Quem é o responsável pelas medidas de proteção na NR 12?

A norma dirige as obrigações ao empregador na fase de utilização e, pelo item 12.15, estende deveres a quem projeta, fabrica, importa, vende, loca, leiloa, cede e expõe a máquina. Em cada registro há um responsável nomeado: o item 12.11.2 exige o nome no registro de manutenção e o 12.11.3 na etiqueta de bloqueio. Na SULTS, cada roteiro tem responsável por máquina e por planta, o que torna a cadeia rastreável.

Que deveres o trabalhador tem na NR 12?

A norma trata o trabalhador pela capacitação e pelos procedimentos. O capítulo 12.16 cuida da capacitação, com o conteúdo definido no Anexo II, e o item 12.14.1 exige procedimentos de trabalho e segurança específicos e padronizados por máquina, elaborados a partir da apreciação de riscos. O item 12.14.2.1 dispensa registro escrito da inspeção de rotina no início do turno. Na SULTS, o procedimento fica disponível no celular, na própria máquina.

Máquina certificada pelo INMETRO precisa atender a NR 12?

O item 12.1.4, alínea f, lista entre as exclusões as máquinas certificadas pelo INMETRO com todos os requisitos de construção atendidos, e o item 12.1.4.1 traz a contra-exceção para máquinas dentro de equipamentos estáticos. Vale ler as duas alíneas juntas antes de concluir. Na SULTS, a máquina certificada continua no cadastro da planta com os roteiros que a empresa define, porque o registro de manutenção organiza a operação de qualquer forma.
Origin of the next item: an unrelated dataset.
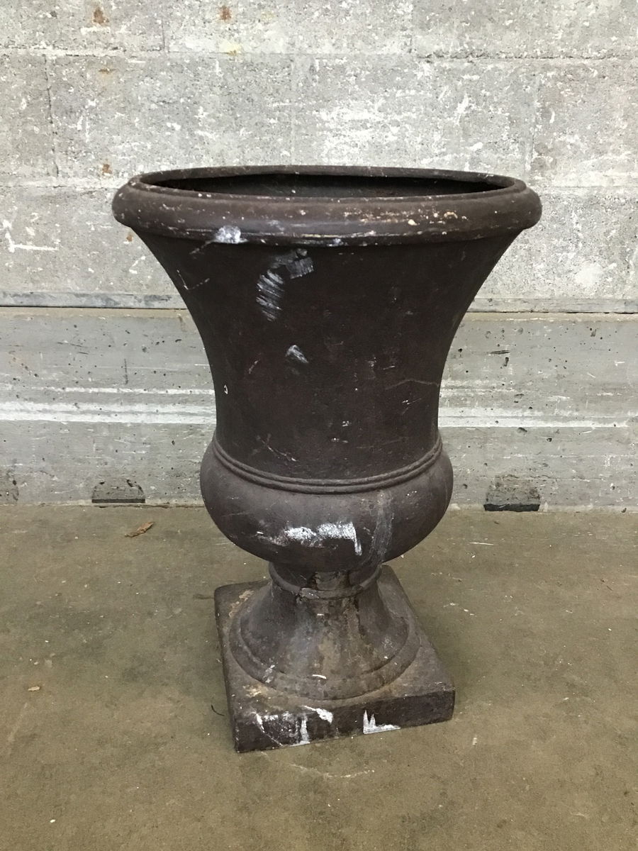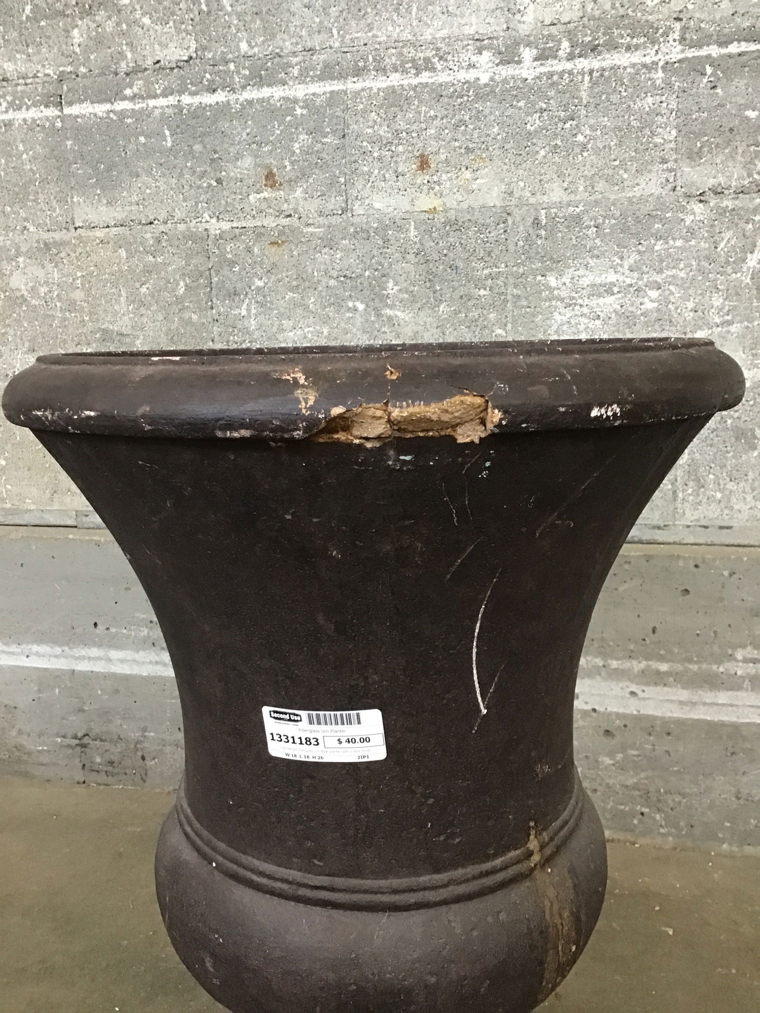 Lightweight fiberglass urn-style planter with a dark finish. Has a crack on the lip on one side, price reflects.

Como uma indústria com várias plantas aplica a NR 12 com a SULTS?

A matriz cadastra as máquinas por planta, monta os roteiros por tipo de equipamento e por anexo aplicável, e define a periodicidade que o fabricante determina. O time de manutenção registra cada intervenção pelo aplicativo, com os cinco campos do item 12.11.2. A não conformidade abre plano de ação com responsável e prazo, e a direção acompanha todas as plantas no mesmo painel da SULTS.

Como a SULTS registra a manutenção exigida pela NR 12?

Cada intervenção é um registro com data, serviço realizado, peças reparadas ou substituídas, indicação conclusiva sobre as condições de segurança e nome do responsável, que são exatamente os cinco elementos do item 12.11.2. A SULTS guarda esse histórico por equipamento, aceita foto como evidência e exporta o conjunto quando a Auditoria-Fiscal solicita.

Como a matriz acompanha a conformidade NR 12 de cada planta na SULTS?

O painel da SULTS mostra conformidade por planta e por máquina, manutenção vencida e a vencer pelo cronograma do item 12.11.2.2, histórico completo de cada equipamento e situação de capacitação por colaborador. A direção identifica qual planta e qual máquina concentram pendência e age antes de a auditoria apontar, sem depender de consolidação manual de planilhas.